Segundo Silvio Rodrigues em seu livro Direito Civil, volume 1(cap. IV, pag.181), talvez seja o capítulo IV do C que trata dos Defeitos do negócio jurídico o que mais sofreu mudanças e provou a chegada do código de 2002. A partir daí criaram-se mais dois novos tipos de defeitos. Um deles consiste no ato praticado em estado de perigo, assunto qual era tratado concomitantemente com a coação. O outro foi a lesão. A declaração de vontade é o elemento estrutural ou requisito de existência do negócio jurídico. Essa manifestação de vontade deve ser manifestada de forma idônea para que o ato tenha vida normal na atividade jurídica e no universo do negócio. Se essa vontade ao não corresponder ao desejo do agente, o negócio jurídico torna-se suscetível de nulidade ou anulação .

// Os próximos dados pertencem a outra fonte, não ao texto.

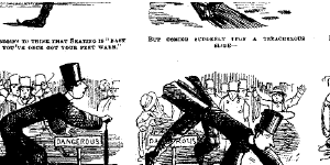These 19 panels were published as three installments in Punch. Nine years later Busch created his famous 'Eispeter' (Peter falls into the same type of hole in the ice and turns into an iceblock). As Busch had already copied Cruikshank's toothache, he possibly found some inspiration in this story as well.
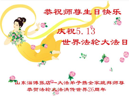山東淄博張店一大法弟子攜全家恭祝師尊生日快樂!恭賀5.13法輪大法日!
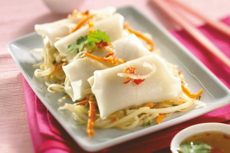 Place a large teaspoon of the mixture on the lower part of the rice wrapper, add a few bean sprouts and 2 leaves of coriander, roll the wrapper once and fold the edges inward, then fully roll the rice wrapper, tucking in the pointed end.
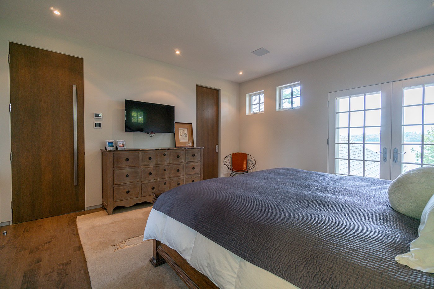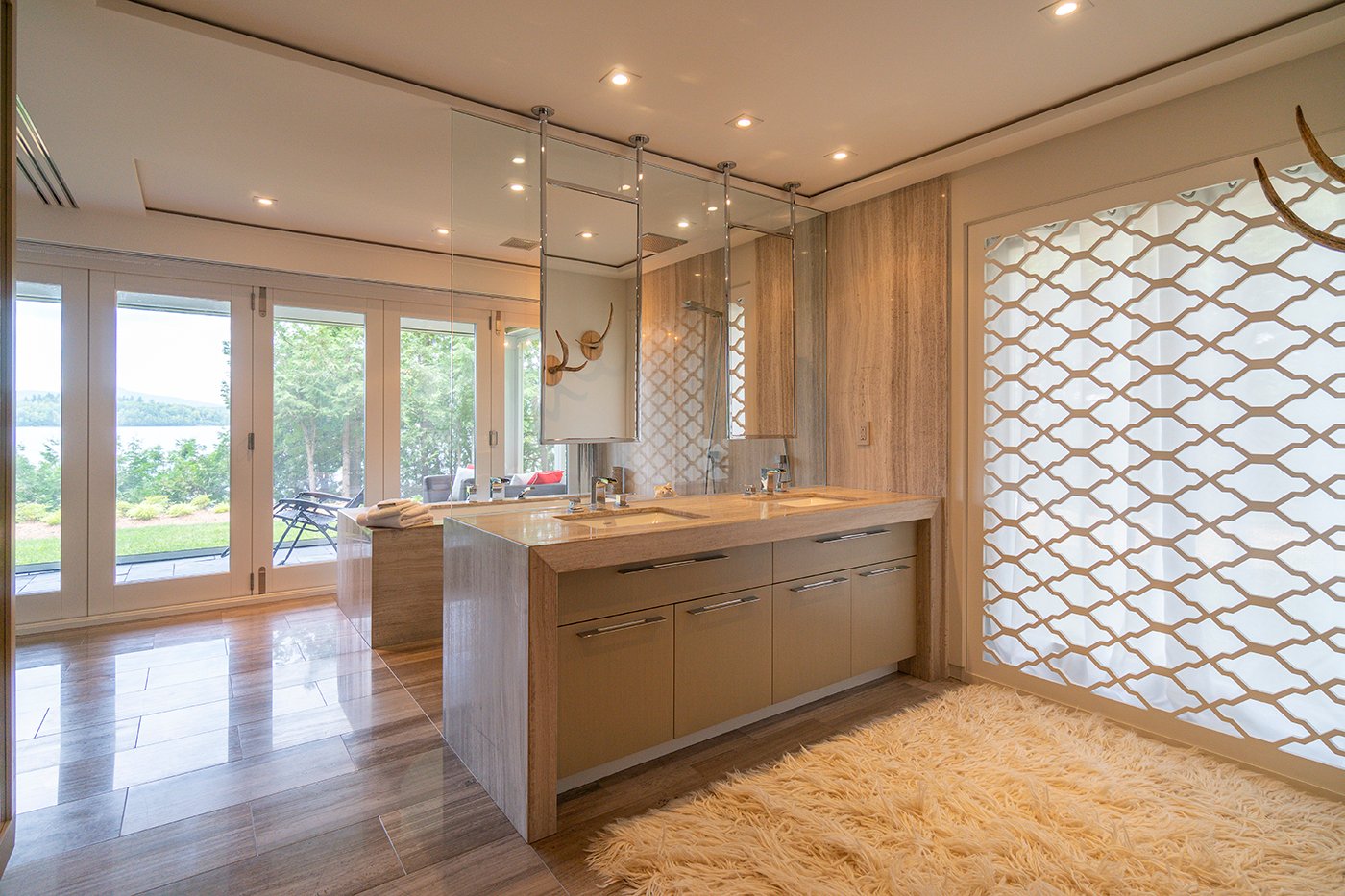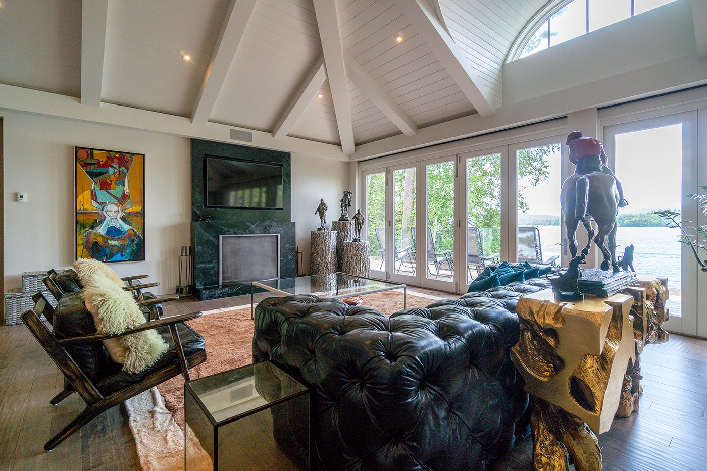Offrant une vue imprenable sur le lac grâce à l'abondante fenestration caractérisant l'aire commune, le salon et la salle à manger sont à aire ouverte.

2OS DDEEFFEEIITTOS DO NEGÓCIO JURÍDICO

O próprio Código Civil regula a anulação do negócio jurídico quando é apurado o defeito, elegendo seus tipos de vícios, de acordo com o artigo 171, I, do Código Civil: ” É de quatro anos o prazo de decadência para pleitear-se a anulação do negócio jurídico, contado: (...) I- no de erro, dolo, fraude contra credores, estado de perigo ou lesão, do dia em que se realizou o negócio jurídico”. Esses tipos de defeitos são classificados doutrinamente, em vícios de consentimento, que compreende no erro, dolo, lesão e estado de perigo, esses dois últimos introduzidos no novo Diploma Legal, influenciados pelo Código de Defesa do

Consumidor, e nos vícios sociais, caracterizado na fraude contra credores e simulação, porém, este último foi retirado do novo Código Civil. Ao invalidar negócio jurídico por defeito de consentimento, a lei tem por objetivo de tutelar o sujeito, cuja vontade não se expressou de modo consciente e livre. O defeito social, por outro lado, compromete a validade do negócio jurídico não porque a vontade da parte tenha sido impedida de se expressar consciente e livremente, acontece que, além da intenção da parte, há a intenção subsidiária.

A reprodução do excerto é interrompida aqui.